DIRECTIONS – Could you write out, exactly as they stand, only the lines in the listing below from the line with "Театральная площадь Нижегородской" to the line with "2.通过1-N-Cbz-3-氰基吡咯烷合成(R)-1-Cbz-3-氰基吡咯烷", both ends included, without the pictures?
*** Opening of PROVIDED RECORDS ***
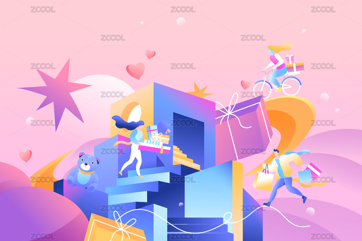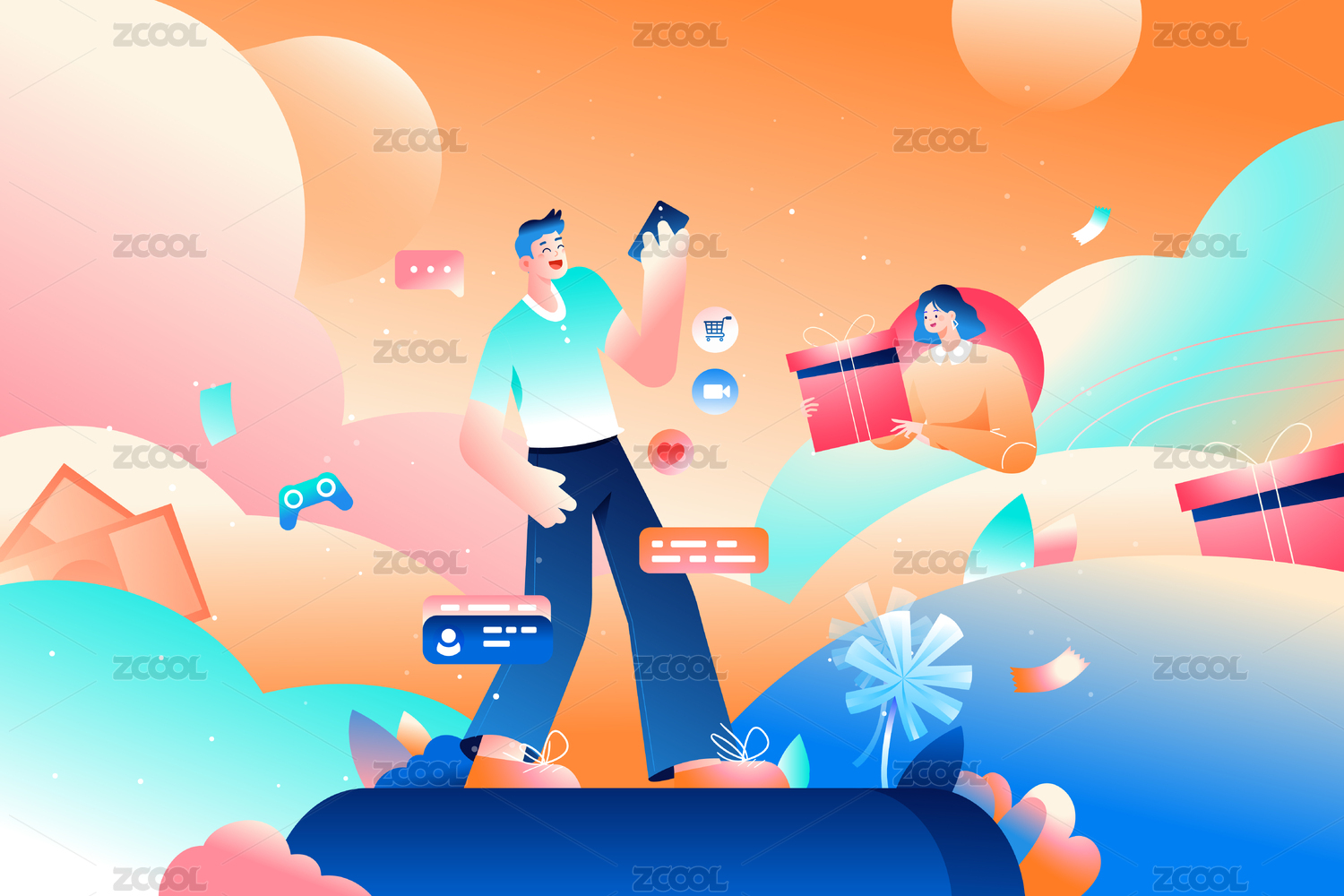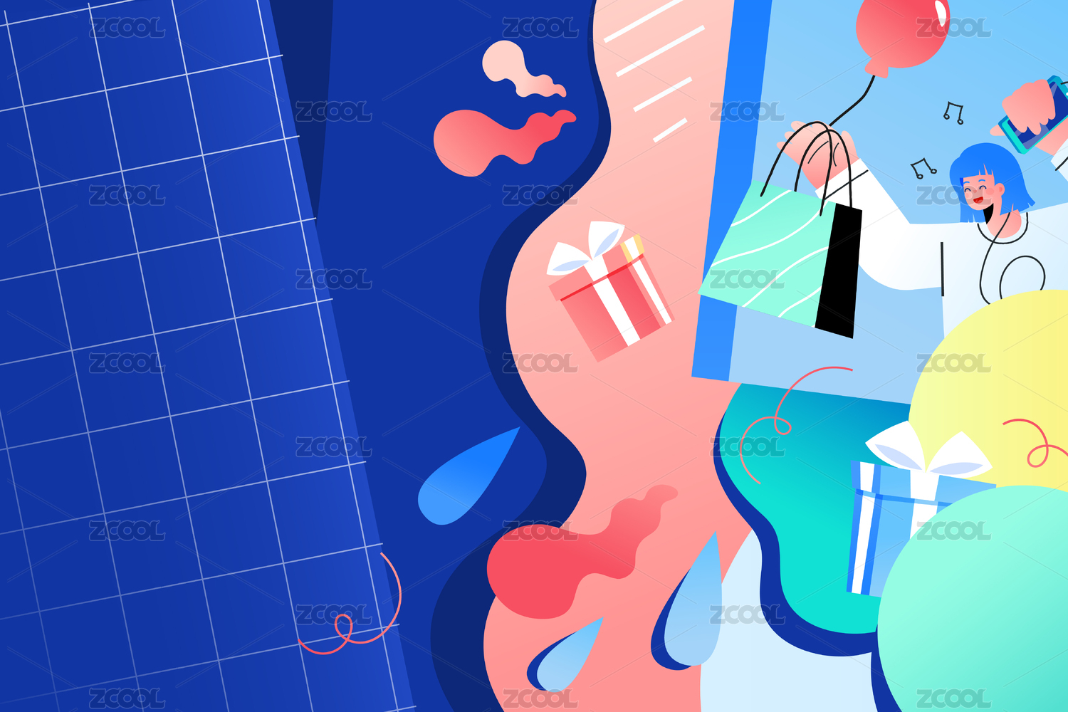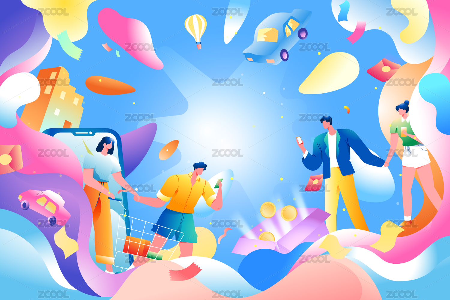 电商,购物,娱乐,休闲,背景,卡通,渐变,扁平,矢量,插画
*** Close of PROVIDED RECORDS ***
*** Opening of PROVIDED RECORDS ***
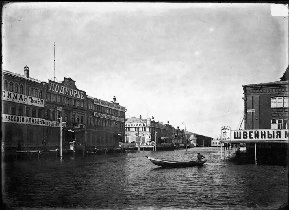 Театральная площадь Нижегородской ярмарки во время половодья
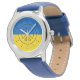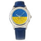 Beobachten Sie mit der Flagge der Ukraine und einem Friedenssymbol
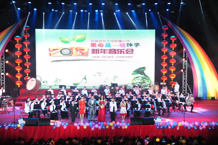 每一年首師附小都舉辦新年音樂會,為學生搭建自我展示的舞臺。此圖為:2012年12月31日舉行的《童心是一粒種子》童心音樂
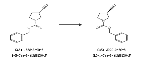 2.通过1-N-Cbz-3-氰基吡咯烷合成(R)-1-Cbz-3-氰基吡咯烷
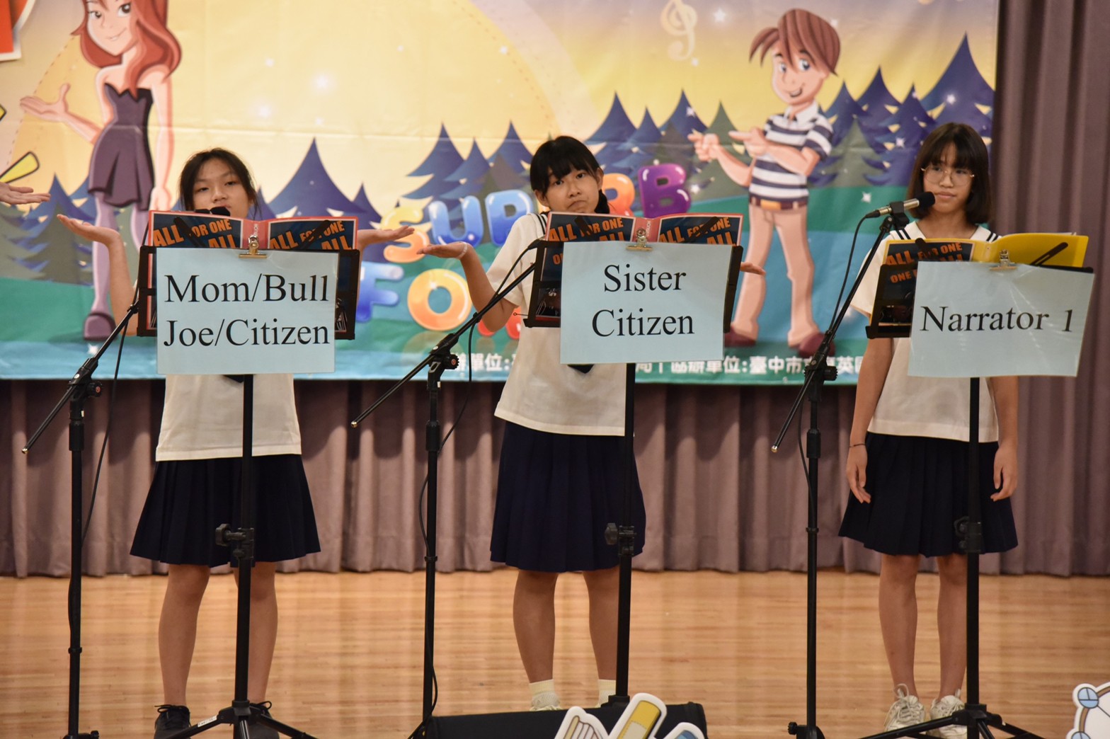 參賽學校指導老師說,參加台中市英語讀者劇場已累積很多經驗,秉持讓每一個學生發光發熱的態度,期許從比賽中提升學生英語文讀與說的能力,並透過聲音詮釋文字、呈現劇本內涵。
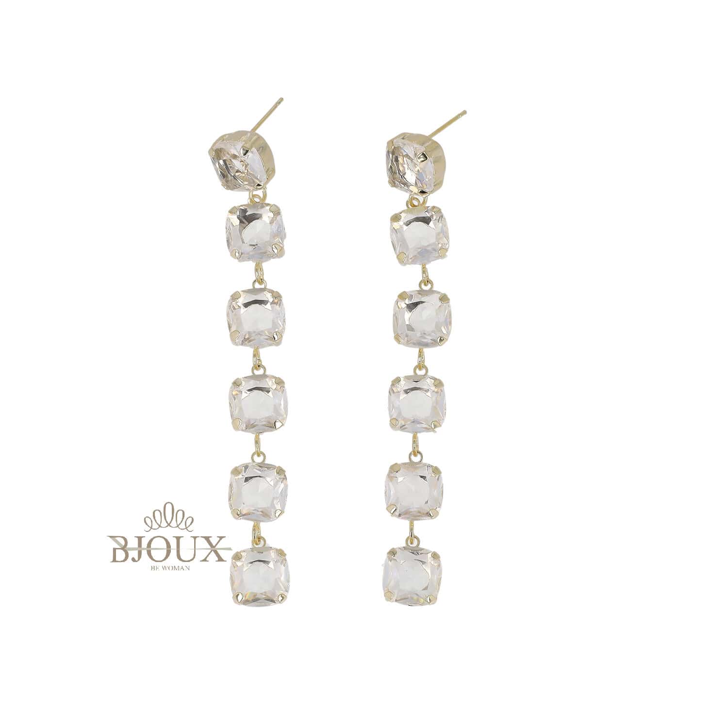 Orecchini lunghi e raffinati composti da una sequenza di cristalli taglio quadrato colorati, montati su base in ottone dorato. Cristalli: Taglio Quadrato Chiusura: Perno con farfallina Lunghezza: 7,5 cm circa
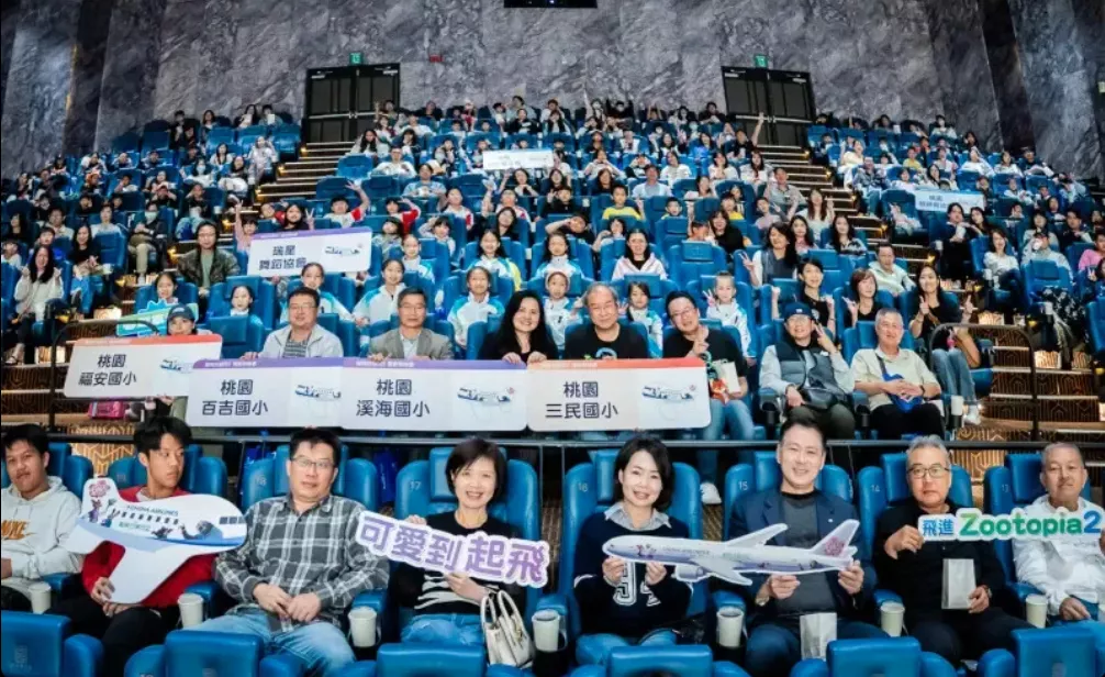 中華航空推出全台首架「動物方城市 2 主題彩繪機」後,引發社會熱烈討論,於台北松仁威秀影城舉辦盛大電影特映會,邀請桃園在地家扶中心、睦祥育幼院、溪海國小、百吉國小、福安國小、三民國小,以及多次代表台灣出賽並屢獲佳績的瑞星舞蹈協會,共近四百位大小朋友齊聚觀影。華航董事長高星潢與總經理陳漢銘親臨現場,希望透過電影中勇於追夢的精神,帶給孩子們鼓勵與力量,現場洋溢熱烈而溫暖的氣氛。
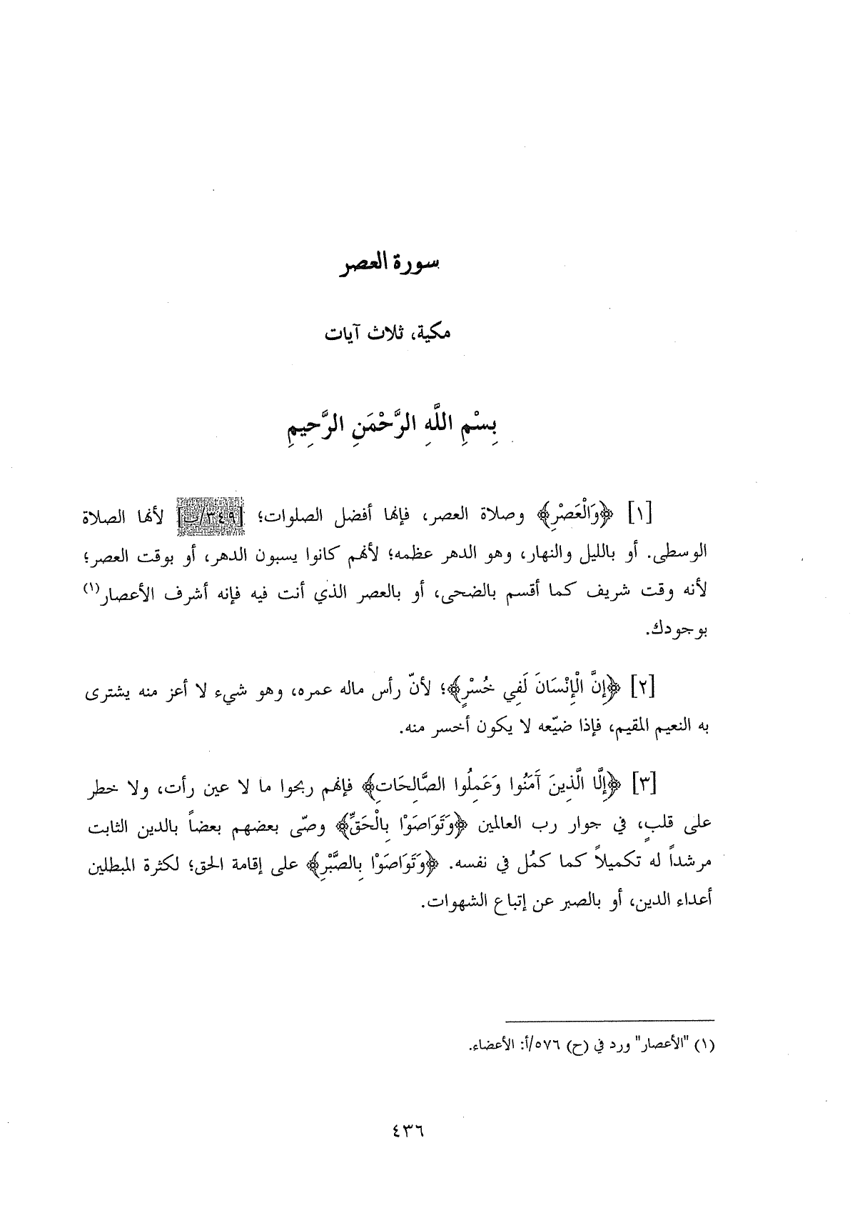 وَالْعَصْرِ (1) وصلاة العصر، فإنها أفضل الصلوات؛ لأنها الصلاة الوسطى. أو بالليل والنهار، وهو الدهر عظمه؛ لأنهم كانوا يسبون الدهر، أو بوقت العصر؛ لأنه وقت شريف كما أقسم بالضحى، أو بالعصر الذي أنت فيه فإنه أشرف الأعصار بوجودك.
*** Close of PROVIDED RECORDS ***
EXPECTED ANSWER –
 Театральная площадь Нижегородской ярмарки во время половодья
 Beobachten Sie mit der Flagge der Ukraine und einem Friedenssymbol
 每一年首師附小都舉辦新年音樂會,為學生搭建自我展示的舞臺。此圖為:2012年12月31日舉行的《童心是一粒種子》童心音樂
 2.通过1-N-Cbz-3-氰基吡咯烷合成(R)-1-Cbz-3-氰基吡咯烷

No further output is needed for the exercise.